*** THE DATA ***
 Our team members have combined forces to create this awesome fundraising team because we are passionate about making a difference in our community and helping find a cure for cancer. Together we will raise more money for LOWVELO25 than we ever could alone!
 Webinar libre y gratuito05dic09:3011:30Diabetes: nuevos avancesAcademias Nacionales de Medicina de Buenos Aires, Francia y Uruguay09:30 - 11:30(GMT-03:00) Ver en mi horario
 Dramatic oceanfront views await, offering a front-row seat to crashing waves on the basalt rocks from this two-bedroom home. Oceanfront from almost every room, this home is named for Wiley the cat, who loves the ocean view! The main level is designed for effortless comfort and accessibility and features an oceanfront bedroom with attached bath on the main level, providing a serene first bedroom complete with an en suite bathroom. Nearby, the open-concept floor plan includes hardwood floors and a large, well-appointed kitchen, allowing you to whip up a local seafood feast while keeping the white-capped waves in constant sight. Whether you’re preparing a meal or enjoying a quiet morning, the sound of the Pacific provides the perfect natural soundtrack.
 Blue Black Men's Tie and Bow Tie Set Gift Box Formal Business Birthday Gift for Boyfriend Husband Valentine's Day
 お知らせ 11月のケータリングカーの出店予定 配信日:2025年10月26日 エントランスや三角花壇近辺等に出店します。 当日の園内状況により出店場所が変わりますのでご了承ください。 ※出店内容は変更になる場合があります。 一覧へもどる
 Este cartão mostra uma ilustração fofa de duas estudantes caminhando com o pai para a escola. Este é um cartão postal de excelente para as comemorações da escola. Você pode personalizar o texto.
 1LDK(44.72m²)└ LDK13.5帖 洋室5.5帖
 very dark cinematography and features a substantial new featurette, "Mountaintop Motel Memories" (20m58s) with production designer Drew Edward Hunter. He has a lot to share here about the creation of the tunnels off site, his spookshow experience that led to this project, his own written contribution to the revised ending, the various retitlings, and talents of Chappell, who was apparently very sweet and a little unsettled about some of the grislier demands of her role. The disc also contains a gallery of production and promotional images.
*** End of THE DATA ***
*** THE DATA ***
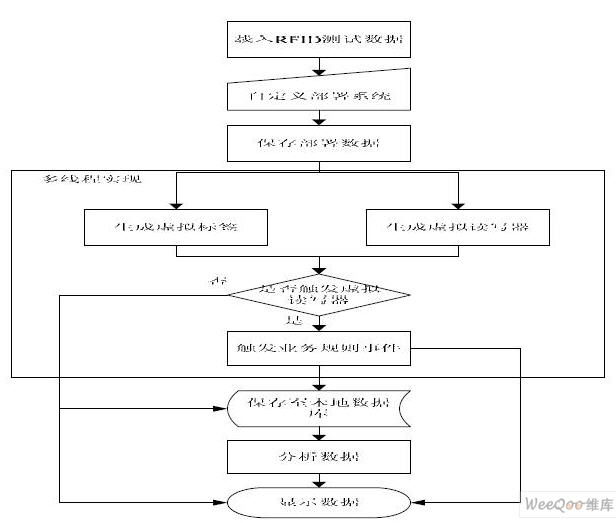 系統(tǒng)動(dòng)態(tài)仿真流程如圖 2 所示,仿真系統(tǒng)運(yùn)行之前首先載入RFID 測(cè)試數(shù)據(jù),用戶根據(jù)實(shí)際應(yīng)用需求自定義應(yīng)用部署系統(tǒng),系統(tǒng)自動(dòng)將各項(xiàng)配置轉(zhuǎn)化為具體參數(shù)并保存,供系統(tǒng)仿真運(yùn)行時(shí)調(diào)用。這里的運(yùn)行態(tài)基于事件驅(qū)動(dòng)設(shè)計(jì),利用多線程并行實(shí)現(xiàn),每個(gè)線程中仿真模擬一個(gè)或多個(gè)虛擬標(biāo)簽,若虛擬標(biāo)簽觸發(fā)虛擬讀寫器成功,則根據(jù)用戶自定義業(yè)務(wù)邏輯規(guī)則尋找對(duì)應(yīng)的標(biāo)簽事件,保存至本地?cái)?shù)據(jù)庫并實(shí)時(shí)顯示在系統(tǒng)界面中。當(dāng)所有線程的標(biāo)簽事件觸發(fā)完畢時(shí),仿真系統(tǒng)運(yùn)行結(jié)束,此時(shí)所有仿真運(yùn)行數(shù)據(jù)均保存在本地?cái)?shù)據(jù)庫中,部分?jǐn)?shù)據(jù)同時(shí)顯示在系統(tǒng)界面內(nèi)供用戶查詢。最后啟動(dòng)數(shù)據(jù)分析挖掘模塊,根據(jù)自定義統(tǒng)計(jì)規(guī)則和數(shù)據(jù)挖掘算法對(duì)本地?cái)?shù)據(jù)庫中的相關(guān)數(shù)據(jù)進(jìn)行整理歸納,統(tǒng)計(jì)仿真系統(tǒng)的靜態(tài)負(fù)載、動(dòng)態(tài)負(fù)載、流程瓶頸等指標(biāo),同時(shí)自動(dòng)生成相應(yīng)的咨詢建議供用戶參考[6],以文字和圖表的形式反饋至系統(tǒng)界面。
*** End of THE DATA ***
*** THE DATA ***
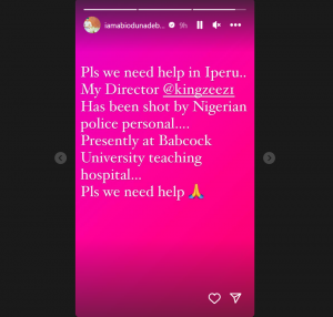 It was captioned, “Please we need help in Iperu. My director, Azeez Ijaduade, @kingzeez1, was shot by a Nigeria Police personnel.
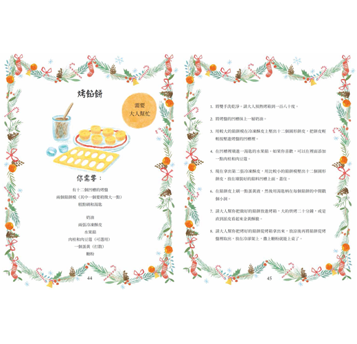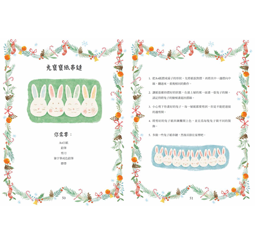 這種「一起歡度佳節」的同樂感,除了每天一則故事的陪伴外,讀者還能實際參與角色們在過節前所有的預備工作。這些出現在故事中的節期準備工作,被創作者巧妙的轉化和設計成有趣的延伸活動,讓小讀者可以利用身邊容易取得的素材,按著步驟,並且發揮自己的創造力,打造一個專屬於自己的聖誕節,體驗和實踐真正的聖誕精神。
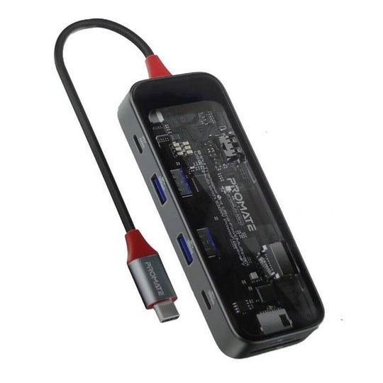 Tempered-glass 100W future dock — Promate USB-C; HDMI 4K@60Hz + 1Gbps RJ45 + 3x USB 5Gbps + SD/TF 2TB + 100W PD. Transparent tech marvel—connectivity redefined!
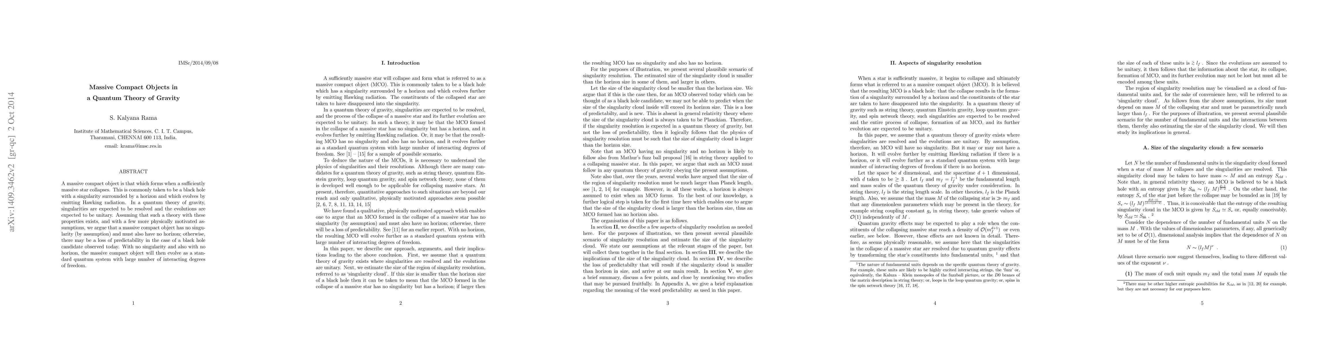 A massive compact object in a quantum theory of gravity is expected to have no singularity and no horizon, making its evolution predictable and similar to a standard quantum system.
*** End of THE DATA ***
## PROBLEM TO SOLVE:
In the material above, locate the line containing "Blue Black Men's" and the line containing "1LDK(44.72m²)└ LDK13.5帖 洋室5.5帖". Transcribe exactly those two lines and every line between them, and nothing more.

## ANSWER AREA:
 Blue Black Men's Tie and Bow Tie Set Gift Box Formal Business Birthday Gift for Boyfriend Husband Valentine's Day
 お知らせ 11月のケータリングカーの出店予定 配信日:2025年10月26日 エントランスや三角花壇近辺等に出店します。 当日の園内状況により出店場所が変わりますのでご了承ください。 ※出店内容は変更になる場合があります。 一覧へもどる
 Este cartão mostra uma ilustração fofa de duas estudantes caminhando com o pai para a escola. Este é um cartão postal de excelente para as comemorações da escola. Você pode personalizar o texto.
 1LDK(44.72m²)└ LDK13.5帖 洋室5.5帖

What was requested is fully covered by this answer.